Второй памятник законодательства Василия Шуйского о холопах, указ 7 марта 1607 г. о «добровольных холопах», также должен быть поставлен в связь с общим характером политики Шуйского по вопросу о холопах и отнесен к той линии в этой политике, целью которой являлось воздействие на холопские элементы населения, чтобы удержать их от присоединения к лагерю Болотникова.
Б. Д. Греков справедливо указывает, что законодательство Шуйского по вопросу о кабальных холопах представляло собой одну из форм борьбы, ведшейся между лагерем Шуйского и его противниками: «Сражались не только оружием. Пускали в ход прокламации и обещания, сманивали людей чинами, деньгами и землями, прибегали и к другим средствам, рассчитанным на ослабление противника и усиление своих собственных позиций. Одной из таких мер, диктуемых чувством самосохранения и регулируемых положением войск Шуйского на фронте, была и политика Шуйского по отношению к кабальным холопам»[1285]. Эта характеристика полностью применима, в частности, и к закону 7 марта 1607 г.
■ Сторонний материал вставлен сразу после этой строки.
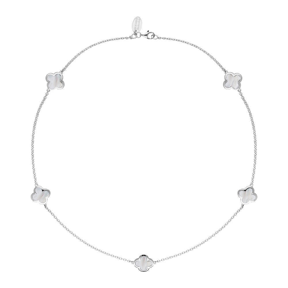 This elegant necklace features five stunning four leaf clover shaped cabochons of the finest Mother of Pearl. The clover is surrounded with a smooth edge detail for a sleek finish. The striking Mother of Pearl forms a stunning combination with the 18ct white gold as the clover hangs gracefully along a 77cm chain, the perfect look for every occasion.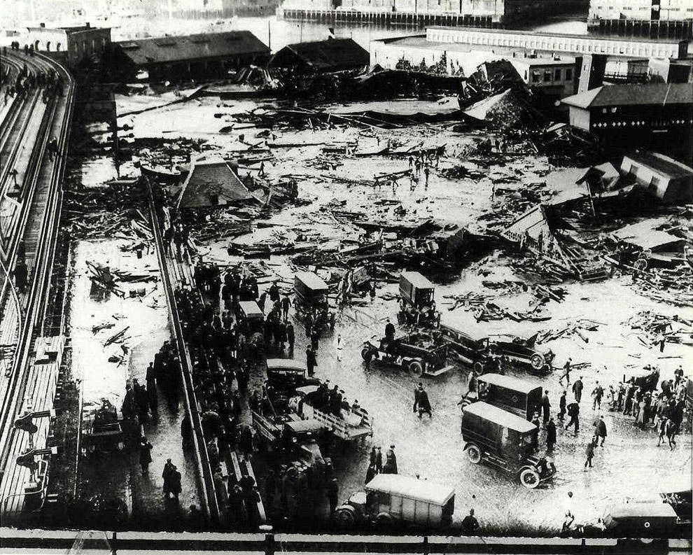 Итак, Бостон, США, 15 января 1919 года, район Норт-Энд, где располагался завод алкогольной продукции (в основном, вискаря не самого лучшего качества) компании Purity Distilling Company. Ввиду активно набиравшего обороты Сухого закона завод пахал в три смены, стараясь произвести и реализовать как можно больше продукции перед полным запретом на продажу алкоголя. Основой для производства служила меласса - ферментированная патока, которая накапливалась в огромном резервуаре объемом 8700 кубов. Для понимания - это почти 4 стандартных плавательных бассейна. В связи с авральными темпами производства, сладенькой жижи туда накачали сколько влезло и еще два ведра сверху. Ну вы уже поняли, к чему всё идет.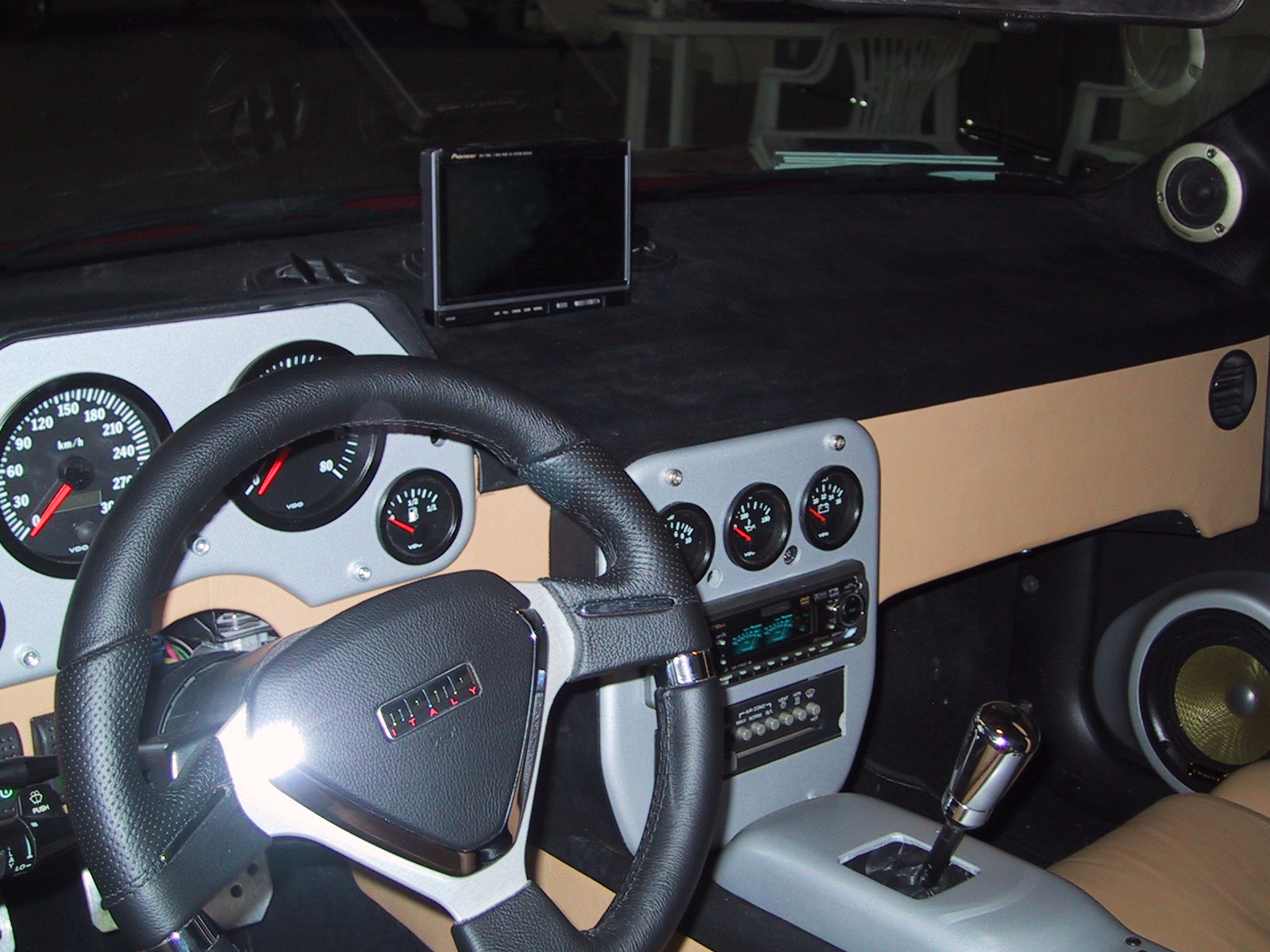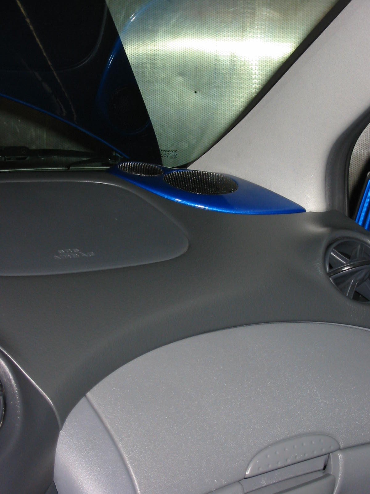 Yläpään kaiutinsijoitteelu ideaalinen, mittaristo ei tee heijastumia. Sininen väri tekee kivan kontrastin.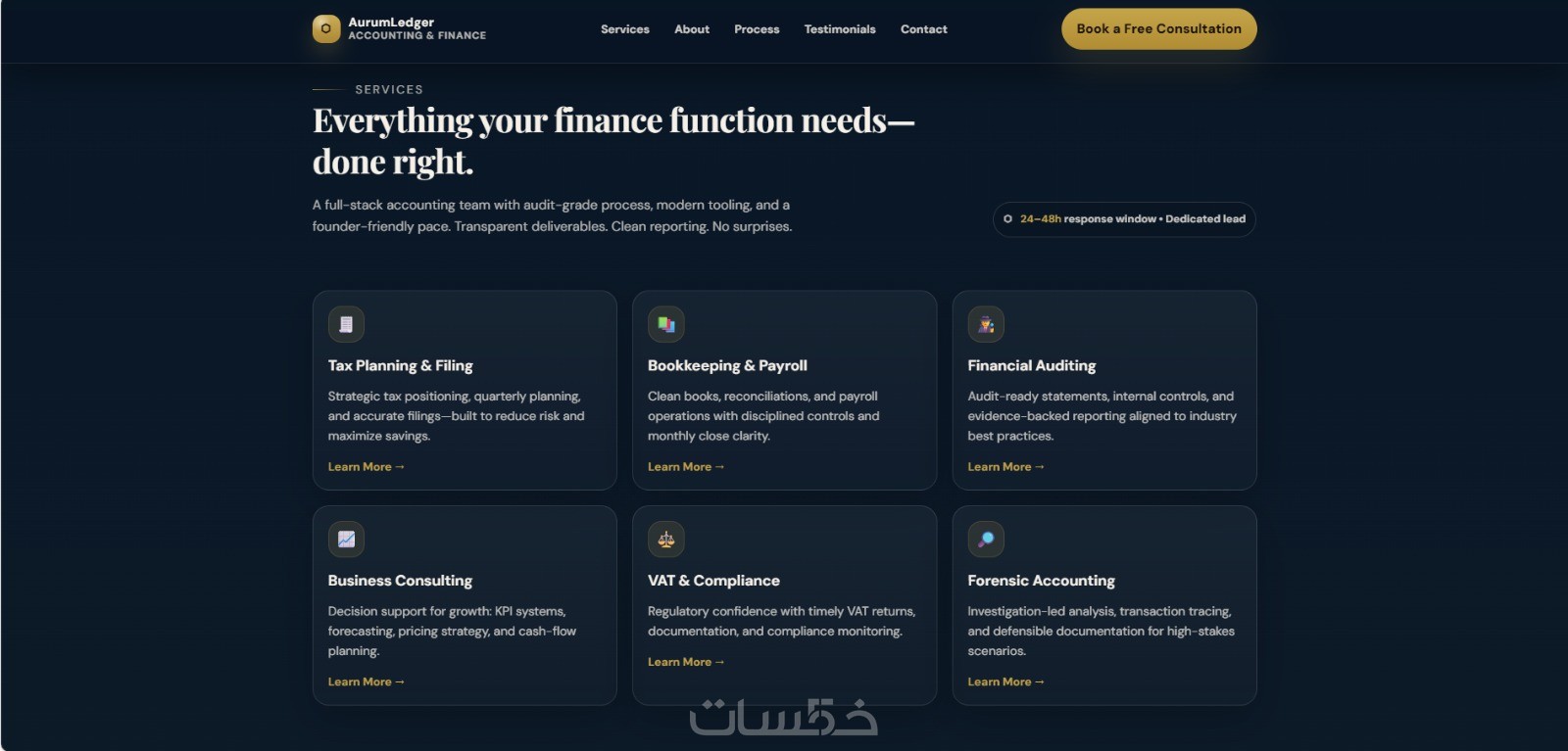 صفحة متكاملة بكل الأقسام الأساسية ومهيأة للنشر مباشرة بدون أي تعديلات إضافية والاقسام كالتالي :
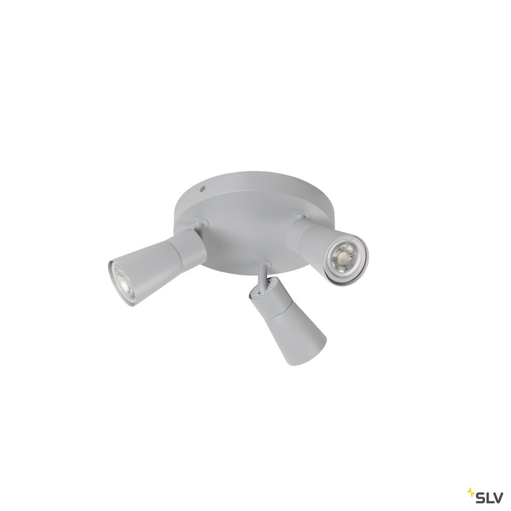 SLV 1008339 PURI 2.0 Cone, Wand- und Deckenaufbauleuchte, rund, 3 x max. 6 W GU10, grau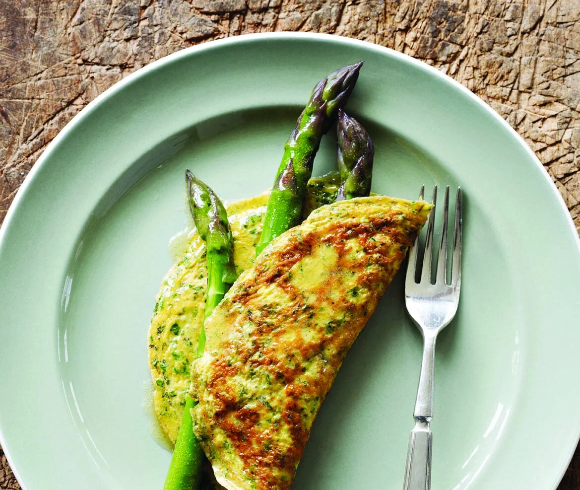 Playing on the classic asparagus served with a poached egg, this makes a great brunch dish served warm or take cold on a picnic. Slightly under-cook the omelettes, as the egg will continue to cook after being removed from the heat. Or you could make one or two large omelettes and cut to serve 4-6 people.

Закон 7 марта 1607 г. явно носит характер вынужденной меры, продиктованной именно «чувством самосохранения» крепостников-феодалов, оказавшихся перед необходимостью пойти в обстановке острой борьбы с Болотниковым на такой жест, как отмена статей закона 1597 г., установивших принцип принудительного превращения в кабальных холопов тех «добровольных холопов», которые прослужили у данного лица свыше полугода. В прямую противоположность закону 1597 г. закон 7 марта 1607 г. предписывал «в кабалах отказывати» холоповладельцам, требовавшим от Приказа Холопьего суда принудительной выдачи кабал на тех добровольных холопов, которые «не похотели» дать на себя кабал. При этом закон в качестве основного доказательства незаконности попыток похолопления добровольных людей признавал показание самого добровольного человека: «которые добровольные холопи в роспросе скажут, что служит полгода, или год, или больши, а кабал дати не хотят, и тех добровольных холопей в неволю давати не велел»[1286].
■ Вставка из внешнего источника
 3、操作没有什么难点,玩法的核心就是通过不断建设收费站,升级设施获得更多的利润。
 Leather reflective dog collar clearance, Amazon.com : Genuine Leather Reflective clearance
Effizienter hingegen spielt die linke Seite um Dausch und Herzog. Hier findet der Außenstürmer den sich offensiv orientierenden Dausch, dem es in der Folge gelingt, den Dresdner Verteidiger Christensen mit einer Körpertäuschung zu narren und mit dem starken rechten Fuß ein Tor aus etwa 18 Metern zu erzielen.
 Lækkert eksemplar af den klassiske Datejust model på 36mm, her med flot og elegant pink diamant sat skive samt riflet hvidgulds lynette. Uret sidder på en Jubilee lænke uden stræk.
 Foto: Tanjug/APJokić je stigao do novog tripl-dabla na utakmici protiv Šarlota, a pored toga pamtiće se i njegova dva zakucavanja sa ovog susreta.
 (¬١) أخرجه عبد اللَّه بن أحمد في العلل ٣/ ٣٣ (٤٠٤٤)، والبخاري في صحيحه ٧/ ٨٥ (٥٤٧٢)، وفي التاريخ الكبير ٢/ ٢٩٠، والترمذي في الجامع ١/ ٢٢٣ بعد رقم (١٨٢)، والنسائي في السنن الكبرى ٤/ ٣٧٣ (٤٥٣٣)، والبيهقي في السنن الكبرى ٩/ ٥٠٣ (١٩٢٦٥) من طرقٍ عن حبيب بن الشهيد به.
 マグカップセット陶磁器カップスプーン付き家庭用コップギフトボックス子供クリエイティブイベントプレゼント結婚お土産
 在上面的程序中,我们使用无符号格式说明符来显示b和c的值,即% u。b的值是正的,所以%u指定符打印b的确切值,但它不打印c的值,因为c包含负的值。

Издание закона 7 марта 1607 г., несомненно, было вызвано тем, что в разгар восстания Болотникова правительство Шуйского не могло итти на такие меры, как санкционирование насильственного закабаления «добровольных холопов», т. е. тех элементов (в составе городского населения прежде всего), которые юридически сохраняли еще свое свободное состояние, ибо такие действия холоповладельцев могли привести лишь к еще большему обострению обстановки в стране, толкая «добровольных холопов» к переходу на сторону Болотникова. Поэтому, отказывая холоповладельцам в их требованиях, правительство Шуйского возлагало на них самих последствия их неосмотрительности (состоявшей в том, что они своевременно не оформили юридически свои отношения с «добровольными холопами» путем взятия с них служилых кабал), указывая в законе 7 марта: «не держи холопа без кабалы ни одного дни, а держал безкабально и кормил, и то у себя сам потерял».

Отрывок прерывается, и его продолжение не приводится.